ASSIGNED TASK:
Using the data below, reproduce exactly the lines from the line with "居廉 墨梅 镜框 130×31cm 约3.6平尺 起拍价RMB 28,000" to the line with "Szklana karafka dekorowana", both included; pictures must be dropped.

BEGIN RECORDS TO PROCESS

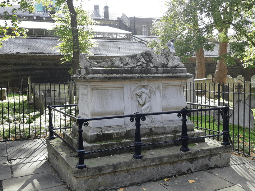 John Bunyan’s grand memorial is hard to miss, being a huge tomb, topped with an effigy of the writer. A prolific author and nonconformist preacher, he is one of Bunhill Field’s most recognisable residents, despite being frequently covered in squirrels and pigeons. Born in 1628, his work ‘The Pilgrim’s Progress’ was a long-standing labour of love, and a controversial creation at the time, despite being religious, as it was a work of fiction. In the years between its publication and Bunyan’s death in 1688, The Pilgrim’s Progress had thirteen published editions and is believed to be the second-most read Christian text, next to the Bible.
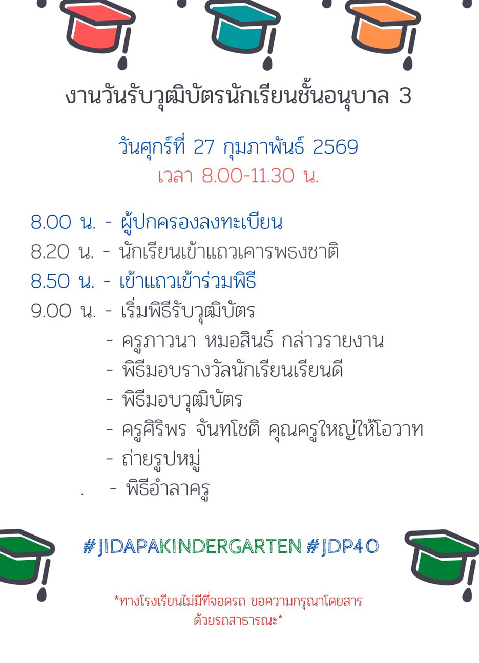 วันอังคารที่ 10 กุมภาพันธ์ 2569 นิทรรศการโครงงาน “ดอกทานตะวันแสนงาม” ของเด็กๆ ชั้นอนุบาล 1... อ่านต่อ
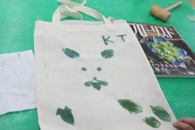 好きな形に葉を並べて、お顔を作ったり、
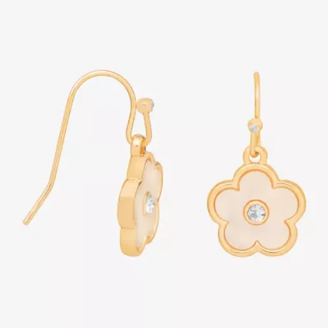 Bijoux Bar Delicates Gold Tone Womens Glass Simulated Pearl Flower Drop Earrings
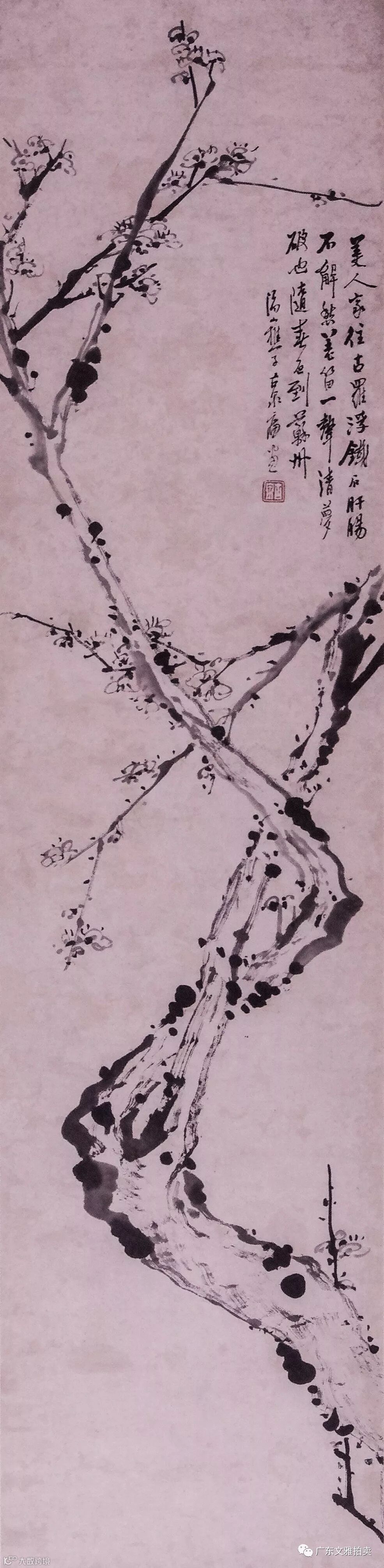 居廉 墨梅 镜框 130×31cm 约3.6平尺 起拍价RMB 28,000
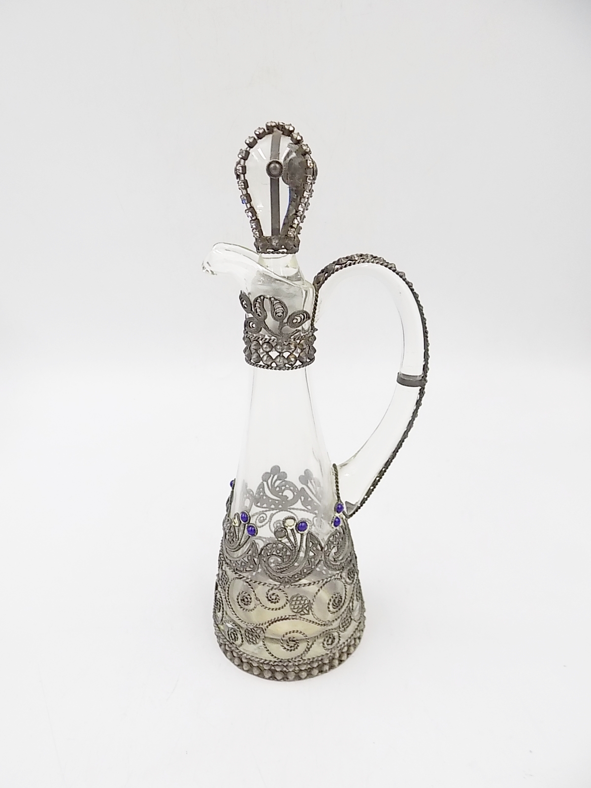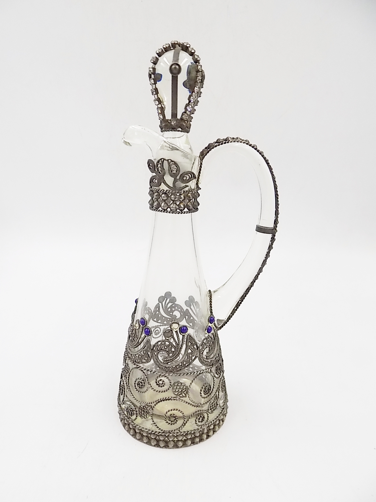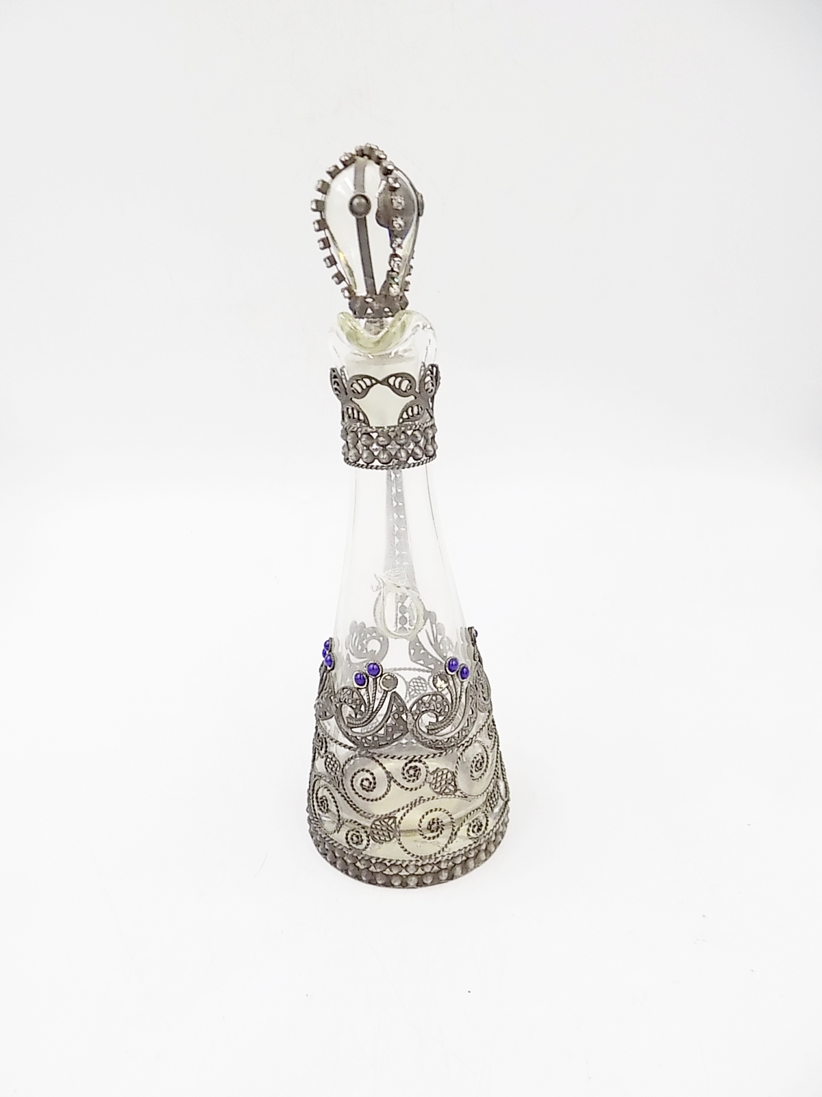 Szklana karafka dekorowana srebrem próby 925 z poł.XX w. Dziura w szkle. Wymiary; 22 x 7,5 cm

END RECORDS TO PROCESS
BEGIN RECORDS TO PROCESS

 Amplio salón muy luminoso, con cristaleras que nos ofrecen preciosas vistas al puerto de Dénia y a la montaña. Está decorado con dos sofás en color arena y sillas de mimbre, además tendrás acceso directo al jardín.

END RECORDS TO PROCESS

OUTPUT:
 居廉 墨梅 镜框 130×31cm 约3.6平尺 起拍价RMB 28,000
 Szklana karafka dekorowana srebrem próby 925 z poł.XX w. Dziura w szkle. Wymiary; 22 x 7,5 cm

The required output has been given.